ACTIVITY: Wherever the word "Under" appears in a line of the data, that line should be copied.

◆ ◆ ◆ ◆ ◆

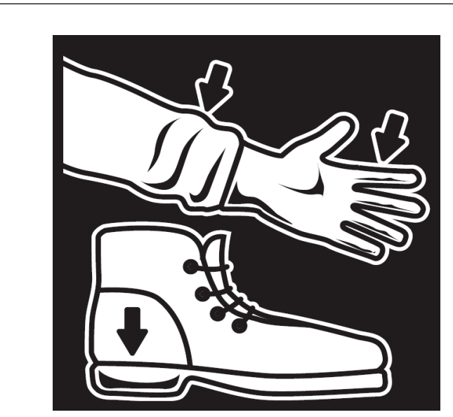
Wear shoes with rubber soles and heels. Wear protective clothing including a long-sleeved shirt and rubber gloves.
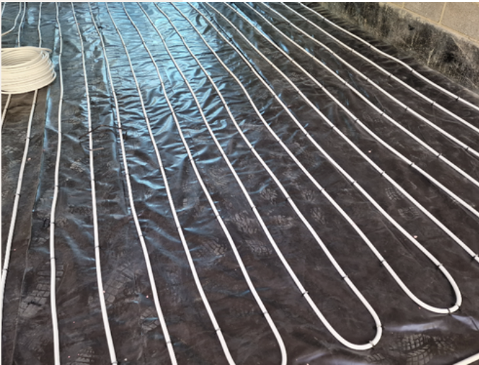
Under Floor Heating
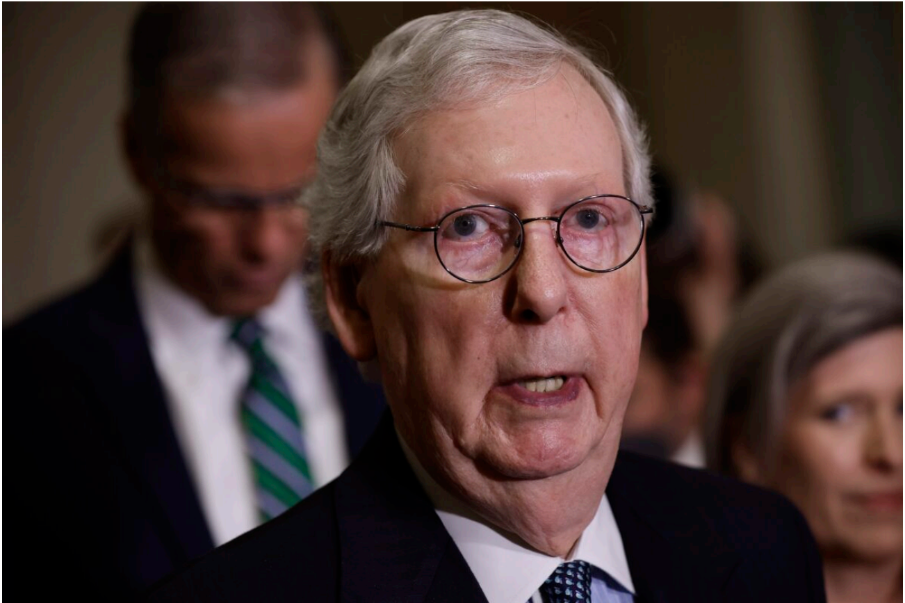
Senate Minority Leader Mitch McConnell (R-Ky.) speaks to reporters in Washington on April 26, 2022.

Assistant Republican Floor Leader and Republican Whip: John Thune (R-S.D.) fills this second-ranking leadership position. His primary job is counting votes and persuading Republican senators to support the Republican Conference's position on all votes.
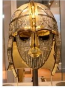
Anglo-Saxon helmet worn at war.

Under the burial mounds that were excavated, they found an Anglo-Saxon iron helmet a whale casket, a sword and a burial chamber.
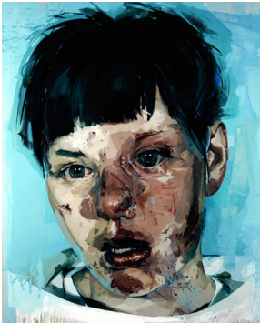
Jenny Saville Stare 2004-05
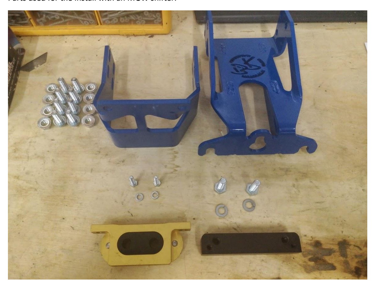
With the MGW you will reuse the two post bracket. Attach the two post bracket to the Blowfish adapter bracket.

Parts used for the install with an MGW shifter.
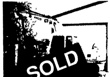
JD 490 Hyd. Excavator, 1989 w/2800 Hrs.....$27,000
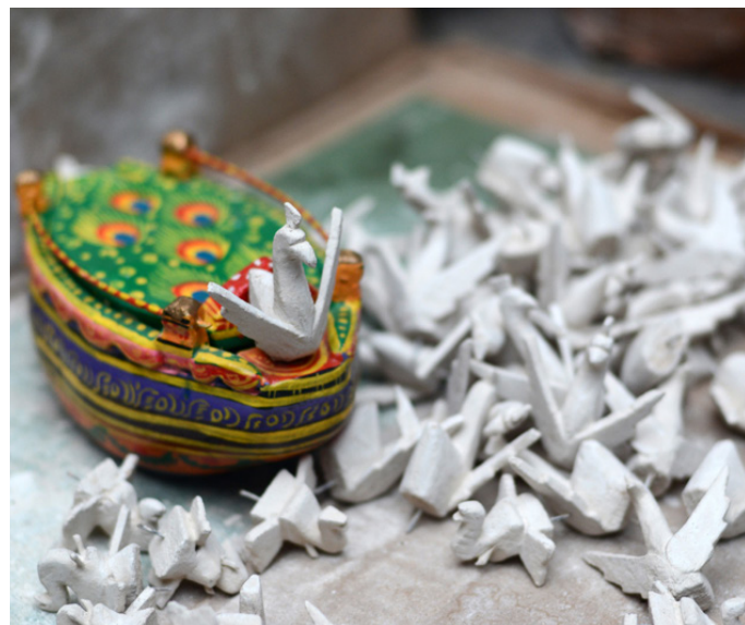
Peacock body on a painted boat.
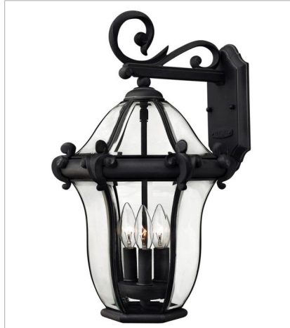
2444MB MEDIUM WALL MOUNT LANTERN 12.3" W, 19.8" H Socketed 3-5w Cand. LED, 40w Equiv.
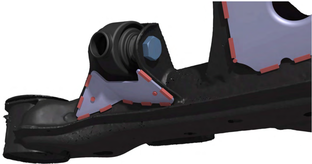
Image 11. Lower control arm front bracket brace stitch welds
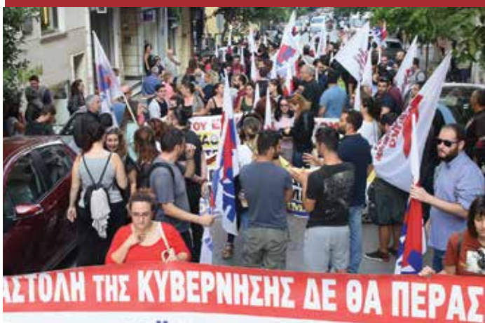
2/10, trade union intervention against house auctions
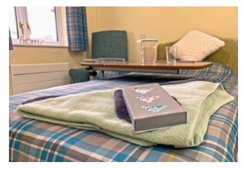
Wonderful personal, private and communal spaces are designed to provide a comfortable and relaxing environment, promoting good mental and physical wellbeing.
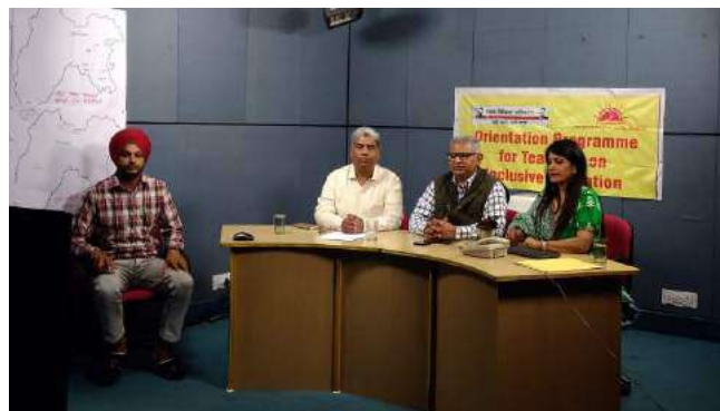
A one day sensitization programme organized by Sarva Shiksha Abhiyaan, Punjab, to train the Govt School teachers on inclusive education
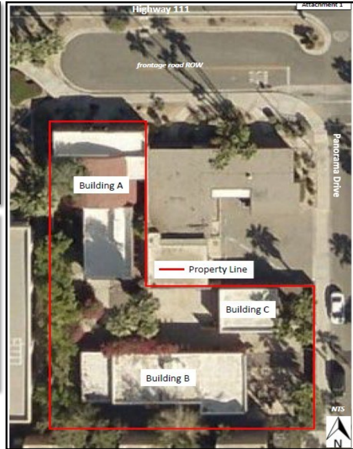
The property is located on one parcel with two addresses: 74271 Highway 111 – Building A: Retail Building 45125 Panorama Drive – Building B&C: Studios
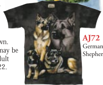
AJ72 German Shepherds

Show the world your favorite dogs, by buying one of our high-quality "favorite breed" tee-shirts. Each shirt is hand dyed and made of 100% Yellow Labs minimal-shrinkage cotton. Be sure to indicate the correct item, quantity, and size of shirt(s) desired. Shirts are available only in the color shown. Due to individual hand-dyeing, there may be slight variations in color and size. Adult sizes up to XL - $20. Sizes XXL and XXXL - $22. Children's sizes - $13. 🐾
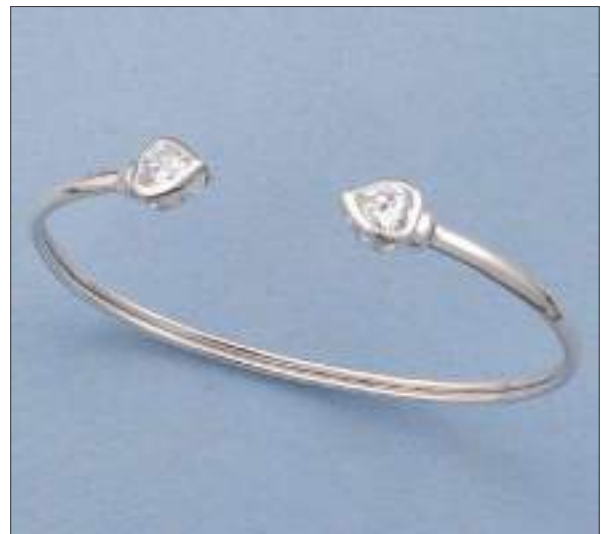
JBN110315A18SL WT: 0.62/4.68 gm
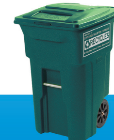
Recycling Collection: Once a week on Friday
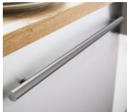
ASKO T-Bar Handle
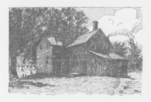
RESIDENCE OF 8. REEVES.

has always held sway in this little village. Quoits (horse shoes) have pased many a summer's evening merily away. The spot for this game is just at the back of the store outside the fence. The big elm tree that stands directly along by the sidewalk forms the vantage ground of one side of the play. Footbali is played in Mr. Sig. Reeves' flat or
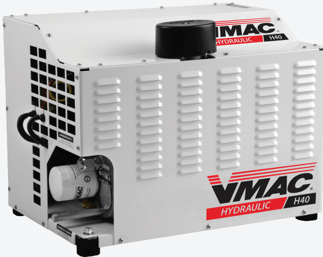
H40 & H60

THE SMARTEST, SMALLEST AND MOST POWERFUL HYDRAULIC AIR COMPRESSOR AVAILABLE.
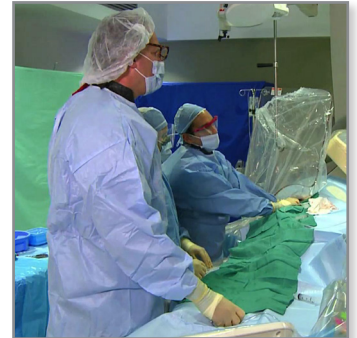
Physicians use Acist technology to view heart and arteries.

Acist recently updated its EmpowerCTA ® injection system, a lower-pressure injector. Thirty-six parts went into the new EmpowerCTA display, seven of which were FDM parts included in the marketed system. The product's FDM casing is as attractive as a molded case. FDM Technology enabled Acist to design for manufacturing in a new way by combining parts and building in additional complexity. This approach would have been impossible with traditional manufacturing methods like injection molding. Specifically, if Acist hadn't used FDM's additive manufacturing method, the seven parts that now complete the display would have been 15 — more than double the parts to manufacture and stock. Acist designed the FDM parts around the machined parts, circuit boards and integrated circuits to optimize design for manufacturing ability. A solid, tested design is important before moving on to mold and machine parts. FDM lets Acist produce small runs and get feedback from operators before committing to expensive production molds.
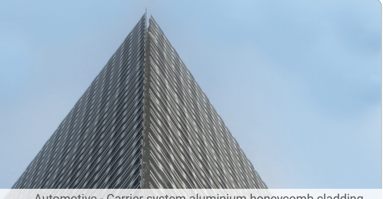
Automotive - Carrier system aluminium honeycomb cladding
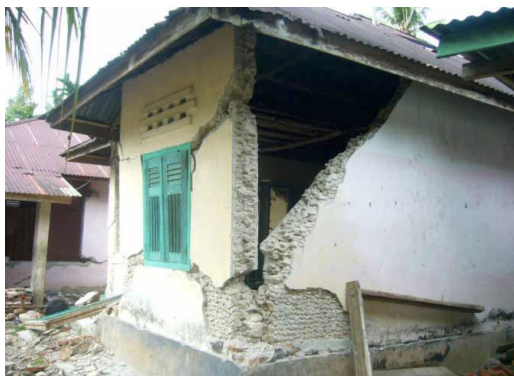
Fig 7. Wall separation of URM
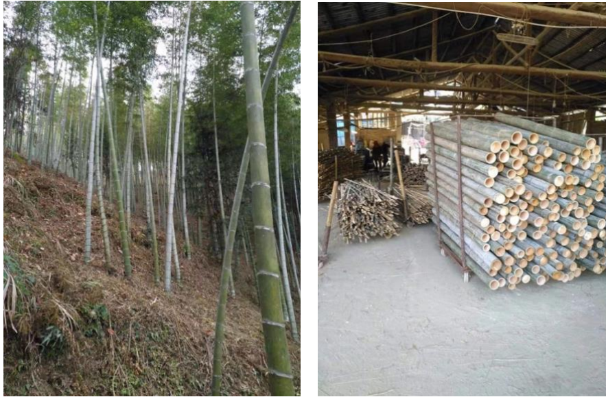
Figure 2 Bamboo culms and rough processing site near plantations

dasso Strand Woven Bamboo is a high-quality bamboo decking board with high density. It provides the natural look and feel of traditional bamboo products whilst combining excellent performance characteristics. In addition, the surface could be stained to the color of customers' choice prior to the final coating process. The possibility of color options provides the user the capability to integrate an environmentally friendly bamboo product into any design motif.
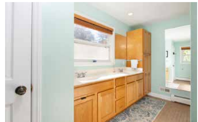
Dual Master Vanity
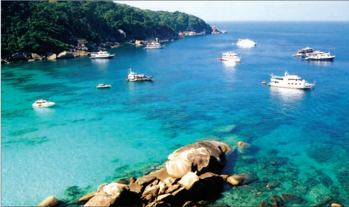
Cruise ships in the Myeik Archipelago.
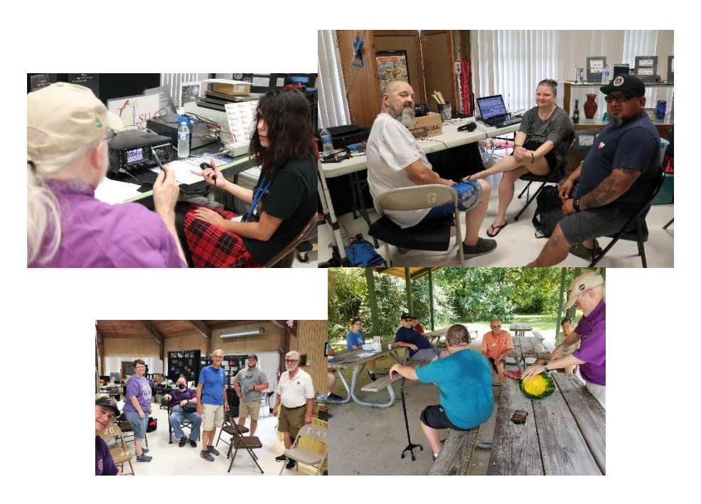
LAST BUT NOT LEAST THE CELEBATORY WATERMELLON.
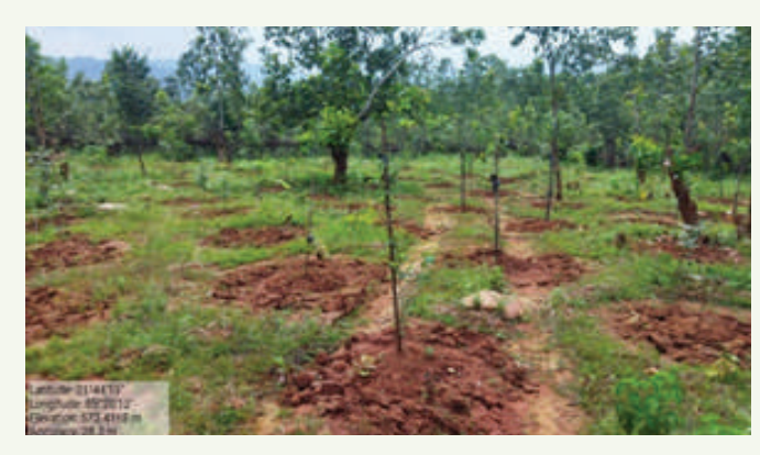
Maintenance work of ANR with Gap Plantation at Sundra VSS of BJP Range, Keonjhar Division
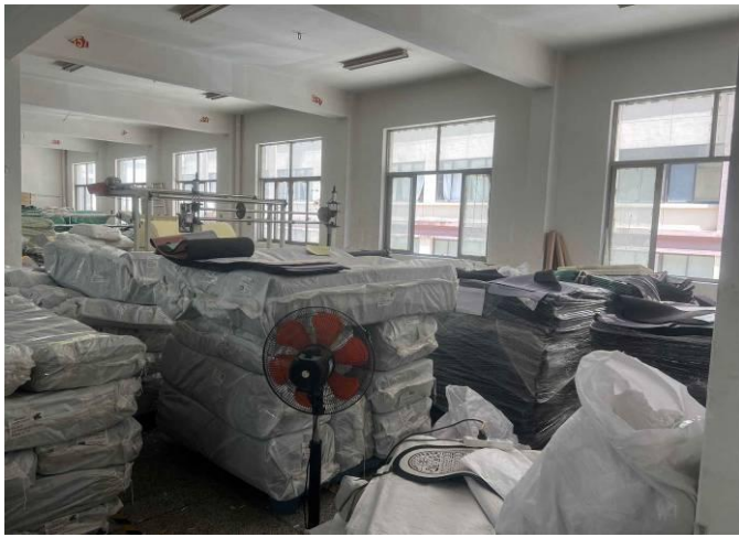
Workshop and warehouse

◆ ◆ ◆ ◆ ◆

ANSWER SPACE:
Under Floor Heating
Under the burial mounds that were excavated, they found an Anglo-Saxon iron helmet a whale casket, a sword and a burial chamber.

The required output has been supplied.